日本製紙石巻工場が津波被害を被ってから復興するまでの一年間を描いたノンフィクション。早稲田出身者が真のジャーナリズム魂を発揮した時これほどの本を書けるのか、と認識を新たにした。

●本当に半年で復興できるのか。どんな問題が持ち上がるのか。それをできると信じるのは客観的に見ればギャンブルのようなものだ。
 では、勝率はどれぐらいか?
 トップがどれだけ勝利を強く信じることができるか。そして、勝てると信じる者がどれぐらい多いかで確率は上がる。それが組織だ。(p.121)

☆社長の芳賀が、被災後の石巻工場を視察後工場の立て直しを宣言した際の記述。

●当時、日本製紙はさまざまな国に紙を輸出していた。一番多かったのはオーストラリアの印刷会社向けだ。他にもニュージーランド、インド、東南アジア諸国、台湾、中国にも紙を使ってもらっている。アメリカの週刊誌『TIME』の薄い紙も、ここ日本製紙石巻工場の製品だった。(p.133-134)

●「日本製紙のDNAは出版用紙にあります。我々には、出版社とともに戦前からやってきたという自負がある。出版社と我々には固い絆がある。ここで立ち上げる順番は、どうしても出版社を中心にしたものでなければならなかったのです」(p.135)

☆抄紙機の再稼働の順番を巡り、当初は最新型のN6抄紙機を稼働しようとしたが、出版社・営業部門の要請により出版用紙を作る8号機を最初に再稼働させることに決まった経緯を説明する記述。
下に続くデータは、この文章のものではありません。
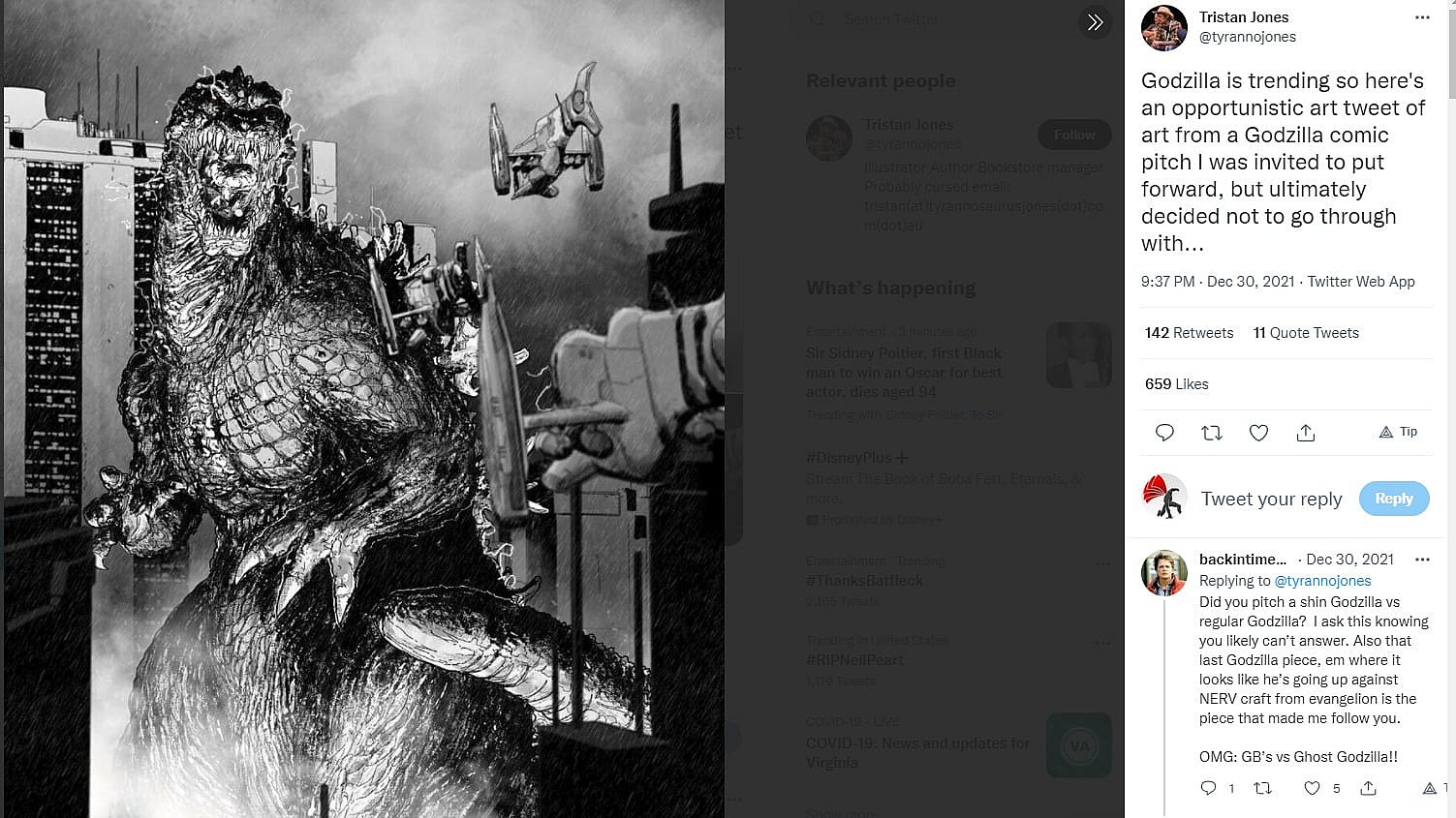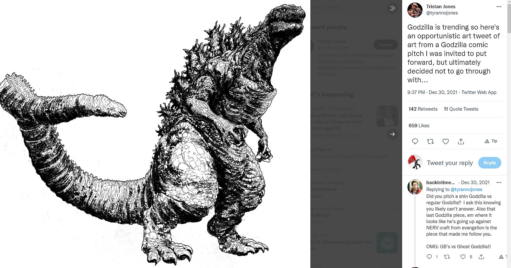 “Godzilla is trending so here’s an opportunistic art tweet of art from a Godzilla comic pitch I was invited to put forward, but ultimately decided not to go through with,” he wrote.

●「文庫って言うのはね、みんな色が違うんです。講談社が若干黄色、角川が赤くて、新潮社がめっちゃ赤。普段はざっくり白というイメージしかないかもしれないけど、出版社は文庫の色に『これが俺たちの色だ』っていう強い誇りを持ってるんです。特に角川の赤は特徴的でね、角川オレンジとでも言うんでしょうか」(p.145)

☆文庫出版各社の特徴。今まで知らなかった。

●倉田 [工場長] たち役員が、[8号機} マシンに清めの塩をまき、原料の入っている種箱に神酒を捧げた。紙作りに携わる職人たちはずっと、マシンはただの物体ではなく、そこに魂がこもっていると考えてきた。オペレーターたちは、たとえ破棄する紙であっても、決して靴では上がらない。魂が宿るマシンの製品は踏まないのだ。彼らはどこかで、畏怖と深い愛情をもって、マシンを扱っていたのである。(p.228-229)

●書店を探してみれば、作り手の覚悟が形になったような誇り高い一冊が見つかるはずだ。容易ではないが、見抜くのは読者の持つ役割だ。
 本が手元にあるということはオーストラリアや南米、東北の森林から始まる長いリレーによって運ばれたからだ。製紙会社の職人が丹精をこめて紙を抄き、編集者が磨いた作品は、紙を知り尽くした印刷会社によって印刷される。そして、装幀家が意匠をほどこし、書店に並ぶのだ。手の中にある本は、顔も知らぬ誰かの意地の結晶である。(pp.256-257)

☆本書は誇り高い一冊といってよいだろう。